Il lavoro nel penale minorile è un lavoro “sartoriale”, perché prende le misure di ogni ragazzo e ragazza e cuce un progetto su misura, a seconda delle esigenze e dei bisogni osservati e condivisi. Mette al centro il minore, che viene visto e riconosciuto per quello che è, che può diventare, e non per quello che ha fatto e per il reato che ha commesso. I progetti rivolti ai minori autori di reato sono pensati per offrire occasioni di apprendimento e di sperimentazione di sé, in cui ragazzi e ragazze imparano a leggersi e riconoscersi, possono vivere esperienze di successo e scoprirsi portatori di competenze, capaci di azioni utili e positive, ma anche di saper scegliere. Essere inseriti in un contesto di bisogno reciproco, riconoscere il valore delle proprie azioni e sentirsi responsabili consente di riallacciare i rapporti con il contesto e con la comunità in cui si vive, provando a giocarsi in un ruolo diverso.

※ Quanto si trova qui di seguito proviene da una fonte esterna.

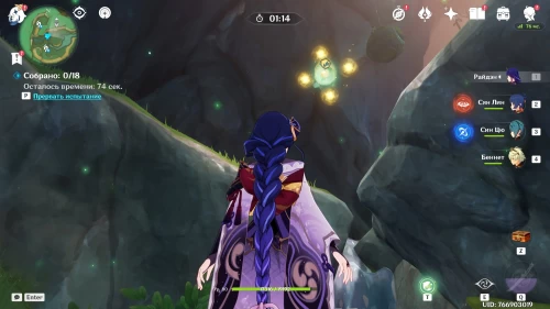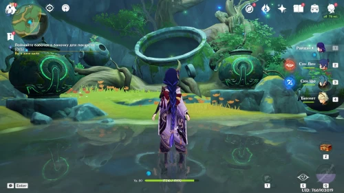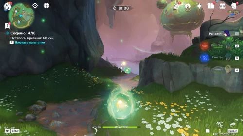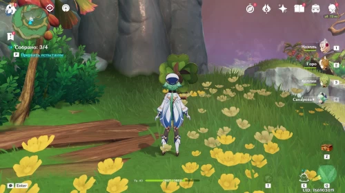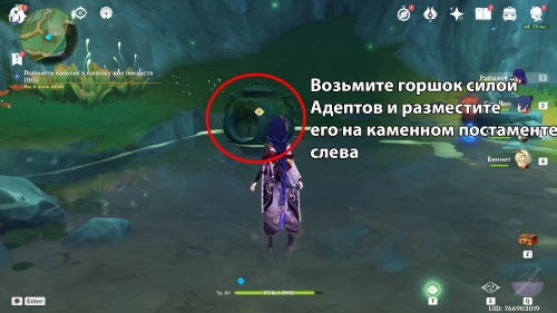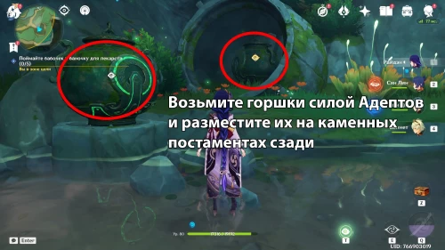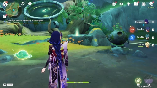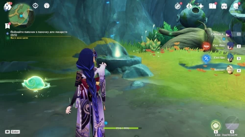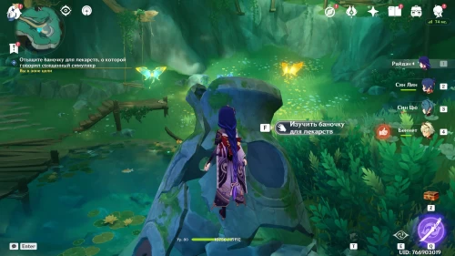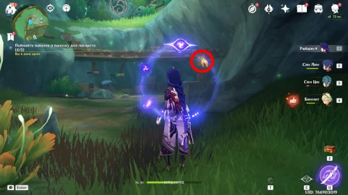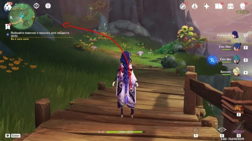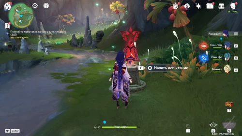 Подойдите к кувшину, вокруг которого порхают фиолетовые бабочки, и взаимодействуйте с ними для старта испытания. Вам нужно будет поймать разлетевшихся бабочек.

I giovani hanno il diritto di avere un’occasione di essere inclusi nel loro territorio, hanno bisogno di sentire di appartenere a qualcosa, ma hanno anche il dovere di fare delle azioni per ricucire gli strappi causati dai reati commessi. Anche la comunità ha diritti e doveri: i cittadini hanno il diritto di essere “risarciti”, anche simbolicamente, del danno subito, ma come adulti hanno anche il dovere e la responsabilità di prendersi cura e di accompagnare ragazzi e ragazze nel loro percorso di riscatto, facendogli vivere esperienze di valore, per mostrargli un futuro diverso, riflettendo sul passato ma agendo sul presente.

Lavorare con i minori autori di reato, insomma, significa progettare e realizzare lavori di cucitura per contrastare le povertà educative e le disuguaglianze, per far venire meno i presupposti per cui si commettono i reati: cucire con la biografia dei ragazzi e delle ragazze che incontriamo, cucire con le realtà in cui vivono, un lavoro paziente, prezioso e artigianale.

Il progetto “Tra Zenit e Nadir”, frutto della collaborazione tra Istituto Don Calabria e CNCA, è attuato a Brescia da Cooperativa Il Calabrone e Opera Pavoniana, insieme a Comune di Brescia e Ufficio servizi sociali per i minorenni di Brescia.